A lunchtime session on Pratham’s work teaching children in India surfaced great lessons on the importance – and limitations – of storytelling. Pratham’s new CEO, Rukmini Banerji, captured the audience’s imagination with a powerful story, at the same time as she highlighted that action is inspired by a different sort of experience entirely.
Banerji described an episode from her years administering theAnnual Status of Education (ASER) assessment used by Pratham to gauge baseline and progress against education goals. As a courtesy, she asked a village headman for permission to give the survey in his area. He agreed, and when she returned to tell him the ASER was completed, he could not believe the outcome. He marched down the road asking children questions from the very basic questionnaire until he was convinced that Banerji’s results, showing that only one-third of students had passed, were correct.

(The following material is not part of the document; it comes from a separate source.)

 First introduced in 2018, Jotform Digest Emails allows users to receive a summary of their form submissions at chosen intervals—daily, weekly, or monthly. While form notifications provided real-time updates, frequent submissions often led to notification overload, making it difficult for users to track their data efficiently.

Episodes like these have led Banerji to realize that you can engage someone with a story, but without firsthand experience with the problem, they will not develop belief that causes change. Summarizing her encounter with the village head, she said, “He was not curious to begin with. I had the answer, but he didn’t have the question.”
Pratham and PAL Network, Pratham’s new sister organization in East Africa, still struggle with how to recreate this experience for a broad audience – to “make people feel this as a problem [so] action will start.” But the realization that this is what’s needed was a critical first step.